「なびる」という言葉がある。

生まれも育ちも埼玉・白岡の筆者は物心ついたときから使っているのだが、どうも県外の人には意味が通じない。「こすりつける」という意味合いで使っていたが、「付け加える」「塗る」といった意味もある言葉だが、はたしてどこまで通用するのか。

そこでJタウンネットは2019年6月15日から7月11日まで「『なびる』この言葉の意味、知ってる?」(総得票数1597票)と題して読者アンケートを行った。その結果は――。

あまりにも使える範囲が狭い



こちらの地図は10票以上の得票があり、「なびる」を使ったことがあると回答した人の割合が50%を超えた地域に色を塗っている。

いかがだろうか。50%を超えたのは関東のわずか5県だけ。割合が高かった順で群馬、栃木、千葉、埼玉、茨城だ。その中でもとりわけ割合が高かった群馬は83.3%と非常に高い。
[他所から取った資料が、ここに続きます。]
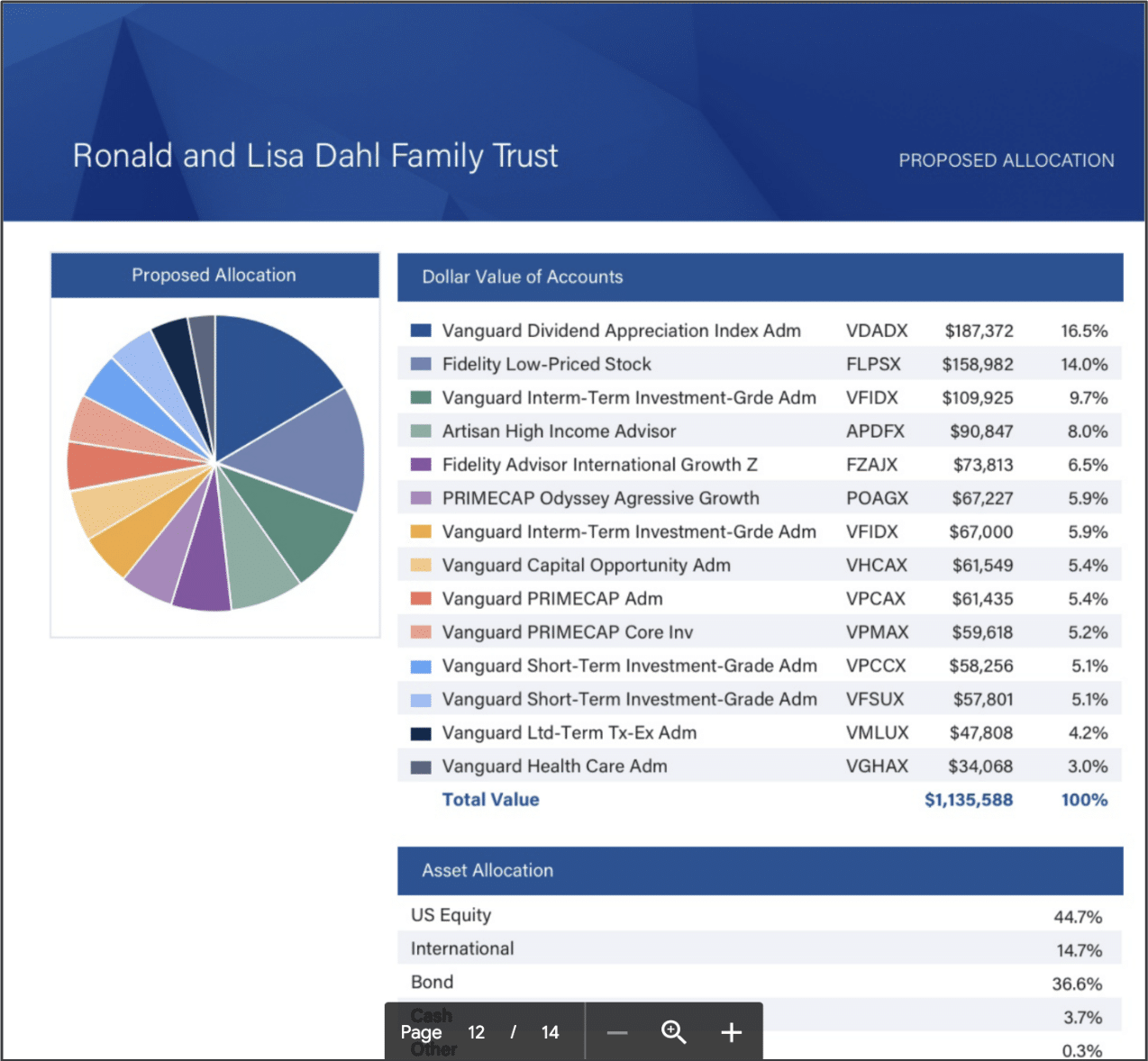 In these servicing requests, the relationship manager or client management team can intake the current holdings for a client, see information integrated from other financial planning systems, select a model portfolio, and adjust the new allocation to fit what they are recommending to the client – and then generate a PDF or presentation of the proposed adjustments.

そして次点に71.4%の栃木、3位は予想していなかった千葉がランクインした。言われてみれば、千葉の大学に変わっていた時も何不自由なく使っていた。

「埼玉県内にいる親族の内では通じなかったことはない」とまで言ってのだが、埼玉は先の5県の中では2番目に低い53.3%と意外な結果になった。

ちなみに「都道府県別 全国方言辞典」(三省堂)でひくと、なびるは埼玉の方言との扱いになっている。それを考えると低い数字と言える。
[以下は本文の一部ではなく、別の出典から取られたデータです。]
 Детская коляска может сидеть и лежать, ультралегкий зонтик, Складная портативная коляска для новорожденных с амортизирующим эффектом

最も低い茨城でも50%。全国では知らない人も多い中、2人に1人が通じるだけでもかなりの認知度だ。

全国的に通じると信じていたのに、まさかここまで局所的だとは思わなかった。



全国の投票結果をみると、選択肢「全く知らなかった」が66.4%でトップに立った。次点で「聞いたことも使ったこともある」が25.7%で滑り込んだ。次の「使ったことはないが、聞いたこともあって意味も知っている」を含めても全国ではわずか3割程度の人にしか通じないとの結果に――ちょっとショックだ。

東日本に偏りのあった結果だったが、西日本ではどうなのか。やはり低いのには変わりなく、最高で岡山の20%、しかも得票数はわずか2票だった。得票数が多かった大阪でも7.5%止まりだった。

結論として「基本的に群馬、栃木、千葉、埼玉、茨城以外では通用しない」と推定できる結果となった。